A direita faz isso. A esquerda também. Em comum, ambas produzem o mesmo estrago: transformam uma acusação gravíssima em uma retórica que esvazia o problema real. Quando tudo é fraude, nada mais é fraude. E para que então eleição se elas não servem para nada? Isso é uma capitulação que faz mal a um dos pilares da democracia. Pilar esse que está, sim, sob ameaça, mas não pela maneira que muitos querem que pensemos que esteja.
A banalização esvazia o debate público, alimenta a indústria digital da indignação e polarização e destrói a capacidade de distinguir uma eleição apertada de uma eleição manipulada. O derrotado ganha uma desculpa. O vencedor perde legitimidade. E os verdadeiros fraudadores recebem o melhor dos presentes: uma cortina de fumaça.

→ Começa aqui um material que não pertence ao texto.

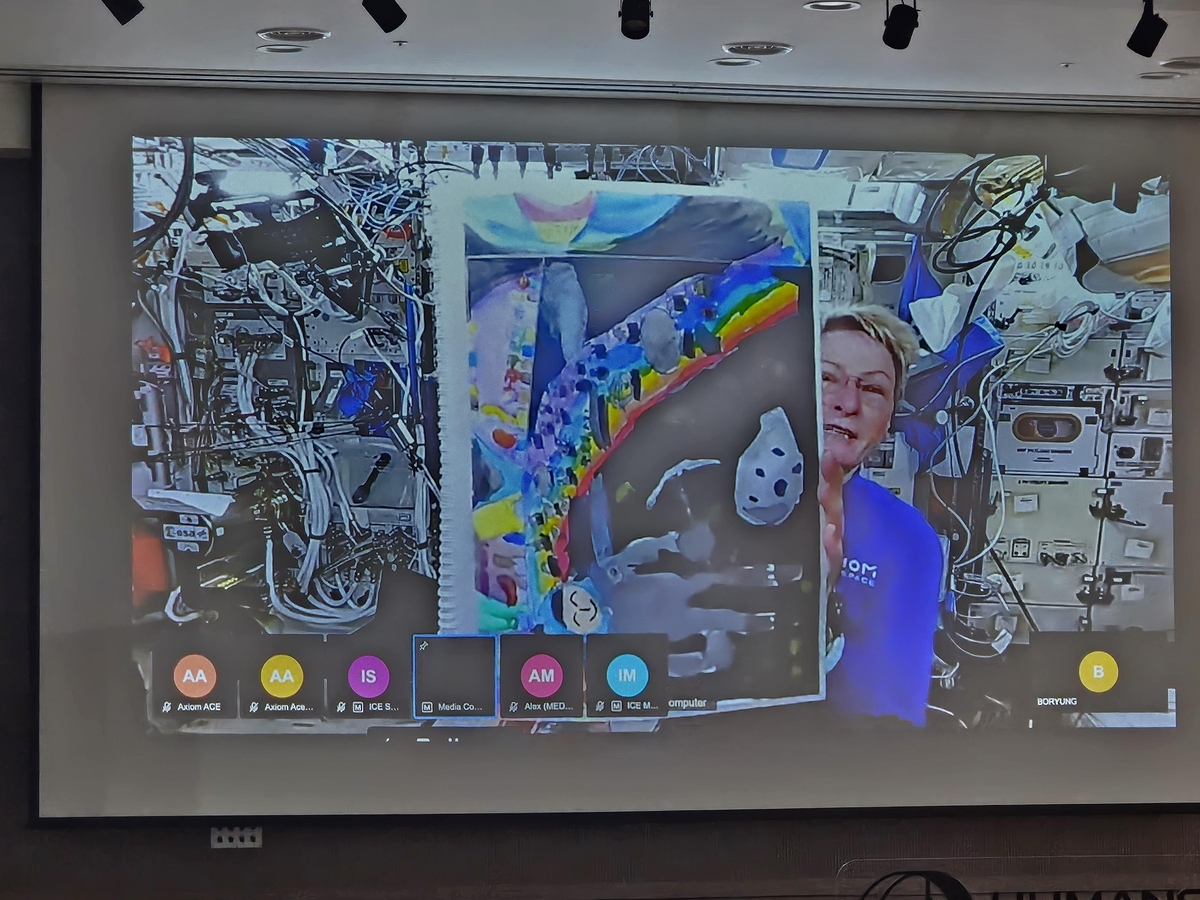 5일 서울 서대문구 연세대 미래교육원 대강당, 대형 화면 너머로 국제우주정거장(ISS)에서 미국 우주기업 액시엄스페이스의 민간 우주임무 'AX-4'를 이끄는 페기 윗슨 사령관이 한 그림을 손에 든 채 펼쳐 보이며 이같이 소개했다.
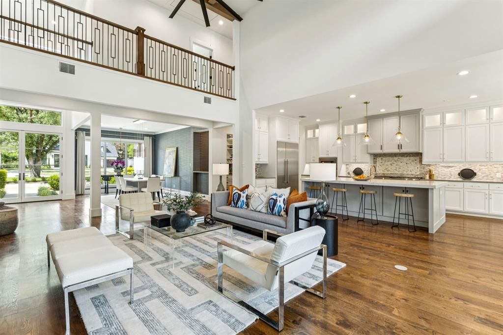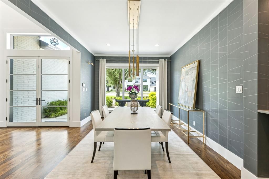 Discover the epitome of luxury with this exquisite home meticulously designed to cater to both relaxation and entertainment. With 5 spacious bedroom suites all with elegantly appointed baths, this residence ensures comfort for family and guests alike. Step inside to a modern architectural design that seamlessly blends casual elegance with functional living spaces. The open-concept floor plan highlighted by the spacious and open great room allows natural light to cascade through the large windows. The formal dining has beautiful wall coverings adding another level of interest. The gourmet kitchen with Thermador appliances, an oversized island and breakfast area make it perfect for everyday living and entertaining. The second living area is great for casual living and a flex space for an exercise room. The light and bright primary suite has floor to ceiling windows and a private entrance to the patio. The soft but elegant wall coverings make it a serene space and the luxurious bath is the perfect space to unwind. The office with built-in desk and bookshelves, guest suite, pool bath and powder bath complete the first floor. Upstairs are three ensuite bedrooms, a living area with an entertainment center, half bath, and a patio and balcony. Outside, the property continues to impress with an outdoor shower and living spaces designed for relaxation and entertainment. The 3 car garage with epoxy floors provides ample space for storage. This home is a rare find, offering the perfect balance of luxury and convenience.

Tenho observado o caos eleitoral da América Latina e tenho uma sensação de que o erro está em imaginar que uma eleição se resume aos minutos passados diante da urna. O voto é apenas o capítulo final de um processo que começa meses antes. A integridade eleitoral depende de quem pode concorrer, de quem pode falar, das regras impostas às campanhas, da liberdade da imprensa, da logística dos locais de votação, da fiscalização, da cadeia de custódia das atas........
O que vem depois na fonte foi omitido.